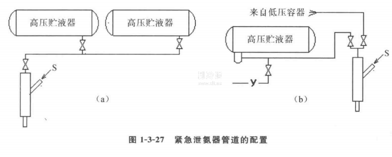 在氨制冷裝置中,緊急泄氨器應與貯氨較大的容器,如貯液器、低壓循環(huán)桶、蒸發(fā)器等設備的底部接通,如圖1-3-27所示。
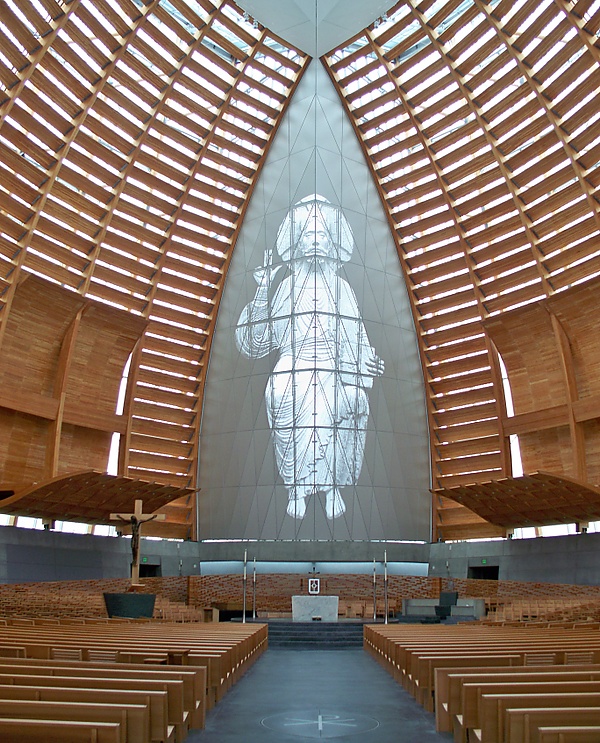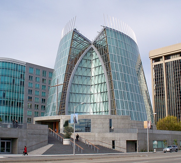 Первоначально проектом церкви занимался испанский архитектор Сантьяго Калатрава. Впоследствии проектирование собора было поручено американскому архитектору Крейгу Хартману, дизайнеру международного аэропорта Сан-Франциско в сотрудничестве со строительной фирмой «Skidmore, Owings and Merrill».
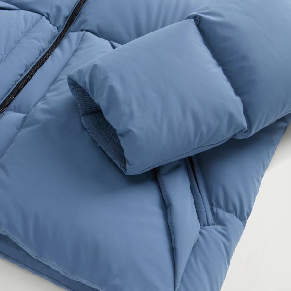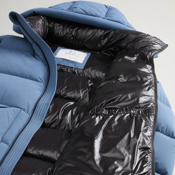 • De jas van Woolrich in de kleur blauw is gemaakt van polyamide en elastaan.

> _ASSIGNMENT_: Transcribe all the lines above exactly; any image among them is skipped.

> _WRITTEN RESPONSE_:
 在氨制冷裝置中,緊急泄氨器應與貯氨較大的容器,如貯液器、低壓循環(huán)桶、蒸發(fā)器等設備的底部接通,如圖1-3-27所示。
 Первоначально проектом церкви занимался испанский архитектор Сантьяго Калатрава. Впоследствии проектирование собора было поручено американскому архитектору Крейгу Хартману, дизайнеру международного аэропорта Сан-Франциско в сотрудничестве со строительной фирмой «Skidmore, Owings and Merrill».
 • De jas van Woolrich in de kleur blauw is gemaakt van polyamide en elastaan.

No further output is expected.